How to write an arbitrary polynomial in $n$ variables Be $k$ a field. I'm trying to define a function on $k[x_1, ..., x_n]$. However, I know of no way to write an arbitrary element of this ring efficiently. I read somewhere about using the $S_n$-orbit, but that seemed cumbersome too. Maybe I'll just have to accept it is cumbersome, but any ideas are appreciated. 
 A: What $k[x_1,\dots,x_n]$ actually means is the free commutative $k$-algebra generated from the set $\{x_1,\dots,x_n\}$. We can generalize this to $k[I]$ for any set $I$. Of course, just writing $k[I]$ without comment will definitely lead to confusion.
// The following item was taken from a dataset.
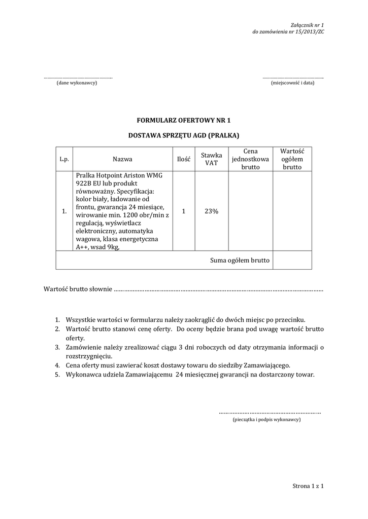 Załącznik nr 1 do zamówienia nr 15/2013/ZC ……………………………………………….. (dane wykonawcy) ………………………………………….. (miejscowość i data) FORMULARZ OFERTOWY NR 1 DOSTAWA SPRZĘTU AGD (PRALKA) L.p. Nazwa Ilość Stawka VAT 1. Pralka Hotpoint Ariston WMG 922B EU lub produkt równoważny. Specyfikacja: kolor biały, ładowanie od frontu, gwarancja 24 miesiące, wirowanie min. 1200 obr/min z regulacją, wyświetlacz elektroniczny, automatyka wagowa, klasa energetyczna A++, wsad 9kg, 1 23% Cena jednostkowa brutto Wartość ogółem brutto Suma ogółem brutto Wartość brutto słownie …………………………………………………………………………………………………………… 1. Wszystkie wartości w formularzu należy zaokrąglić do dwóch miejsc po przecinku. 2. Wartość brutto stanowi cenę oferty. Do oceny będzie brana pod uwagę wartość brutto oferty. 3. Zamówienie należy zrealizować ciągu 3 dni roboczych od daty otrzymania informacji o rozstrzygnięciu. 4. Cena oferty musi zawierać koszt dostawy towaru do siedziby Zamawiającego. 5. Wykonawca udziela Zamawiającemu 24 miesięcznej gwarancji na dostarczony towar. …………………………………………………… (pieczątka i podpis wykonawcy) Strona 1 z 1

If I were writing a sizable article that leverages this notation a bit, I may well define the notation for an arbitrary set, and then state that $k[x_1,\dots,x_n]$ is shorthand for $k[\{x_1,\dots,x_n\}]$ (assuming all $x_i$ are distinct).1
For your purposes, a more practical compromise would be to write $k[\{x_i\}_{i\in I}]$ where you also have $\{f_i\}_{i\in I}$ and $\rho$ becomes simply $\rho(x_i)(v)=f_i(v)$. Often $[n]$ (or just $n$ itself) is used for notation for the $n$-element set $\{0,\dots,n-1\}$ (or $\{1,\dots,n\}$ if you're uncouth), so you could say $k[\{x_i\}_{i\in[n]}]$ and $\{f_i\}_{i\in[n]}$.
Notation like $\{a_i\}_{i\in I}$ is commonly used to represent the $I$-indexed family of objects $a_i$. If all the $a_i$ are drawn from some encompassing set, $A$, this can be identified with a function $I\to A$. In set theory, such a function is a set of pairs, so if you wanted to be really precise, you should have something like $\rho((i,x_i))(v)=f_i(v)$.
1 Actually, knowing me, I would not do this, and would only mention this to explain the connection to more typical notation if I mentioned it at all.